Begründung ganz brauchbar, aber ich hab ja gesagt 2 bays reichen, 4bays schon mal nicht wichtig sprich mir ist bewusst das es mehr Sicherheit gibt dazu kommt das die mit 4 bays bei Amazon 599€ kostet ist mir zu viel, muss anbei noch sagen das ich eine WD my Cloud mit 4tb nebenbei noch an laufen hab, die ist aber nicht immer an, dient zum stillen Backup mal gucken ob ich die mit der qnap nas verbinden kann geht das?  die qnap soll aber jeder Zeit laufen und auch von überall erreichbar sein.

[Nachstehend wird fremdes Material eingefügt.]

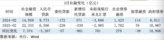 央行数据显示,2月社会融资规模增量为2.23万亿元,同比多增7300多亿元,显示金融体系对实体经济支持力度较强。分项来看,政府债券是推动2月社融增长的主要力量。
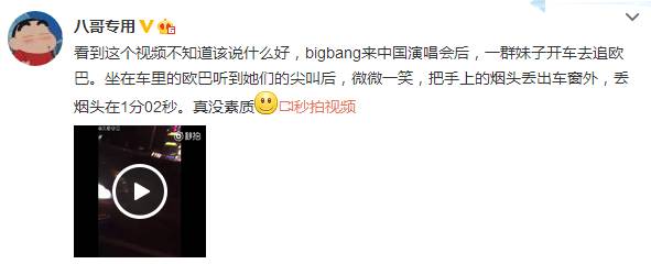 “八哥专用”微博上传这段影片,批评:“Bigbang来中国演唱会后,一群妹子开车去追欧巴。坐在车里的欧巴听到她们的尖叫后,微微一笑,把手上的烟头丢出车窗外,丢烟头在1分02秒。真没素质。”

Kann man auch eine komplette Website drauf ablegen sodass sie von außen abrufbar ist?

wie stell ich plex ein?


----------



## Abductee (21. Mai 2018)

*AW: heimkino, wie verbinden mit älteren TV?*

Übers LAN kannst du die beiden problemlos miteinander verbinden. 
Wenn am Switch nix mehr frei ist kannst du die WD auch auf den zweiten LAN der Qnap hängen.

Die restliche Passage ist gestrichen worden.